For the iPad to become just as good as the iPhone, it would need to be smaller, equipped with a better camera, and sold with carrier subsidies and mobile data plans. But this would turn it into “just a big iPhone.” So this can’t be iPad’s future.For the iPad to become just as good as the Mac, it would need to be larger, faster, equipped with expansion ports, and powered by software that supports legacy features like windowed applications and an exposed file system. But this would turn the iPad into a Macbook Pro with a touch screen and a detachable keyboard. This can’t be iPad’s future, either.
I think the future of the iPad is for it to disappear, absorbed at the low end by iPhones with large displays and at the high end by Macs running a more iOS-like flavor of OS X. Perhaps it won’t disappear completely.
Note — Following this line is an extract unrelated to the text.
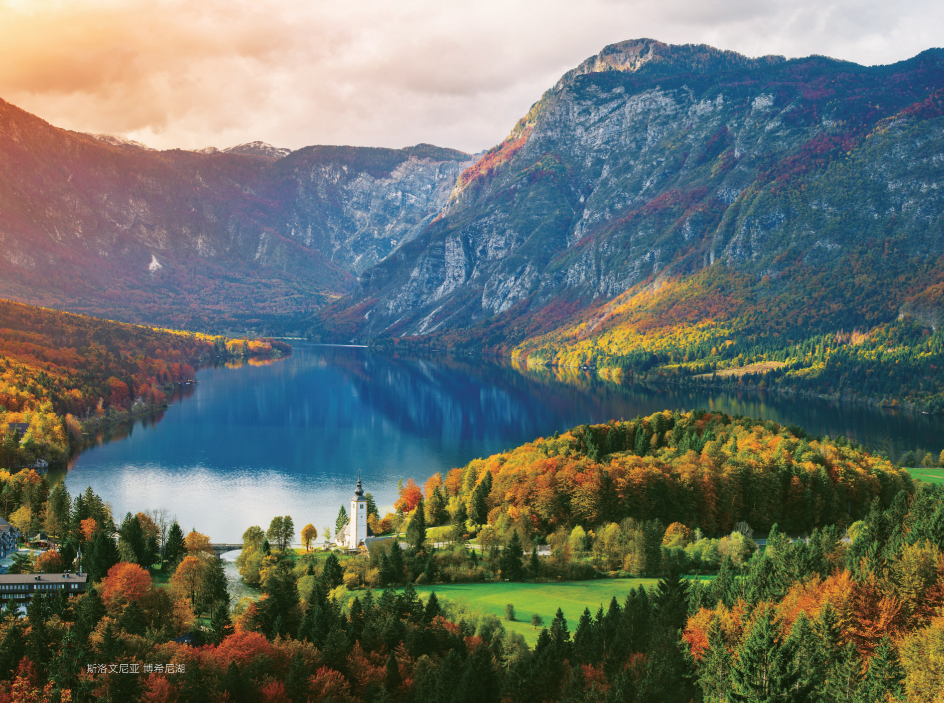
斯洛文尼亚 博希尼湖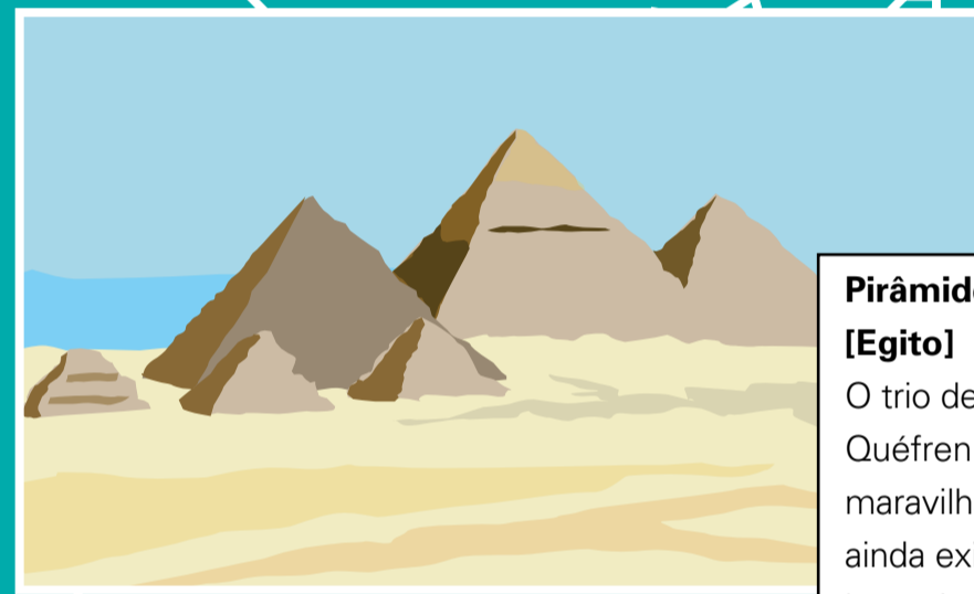
Pirâmides de Gizé [Egito] O trio de pirâmides de Quéops, Quéfren e Miquerinos é a única maravilha do mundo antigo que ainda existe. Foram erigidas há mais de 4,4 mil anos, para abrigar a cripta dos faraós.

After all, for certain niche uses – especially those listed above – the iPad is great because it’s neither a phone nor a PC. But these are still niche uses and can’t possibly sustain the long, bountiful future that many hope the iPad has.
Jared Sinclair. This sounds right to me. I have found the iPad to be an increasingly frustrating device to use: everything I try to do with it leaves me to some degree unsatisfied. It’s either too big or too small for most tasks, and the tasks it’s the right size for — for example, reading PDFs — it doesn’t handle all that smoothly. (Annotating PDFs can still be enormously frustrating, and I’ve tried every iOS PDF app there is.)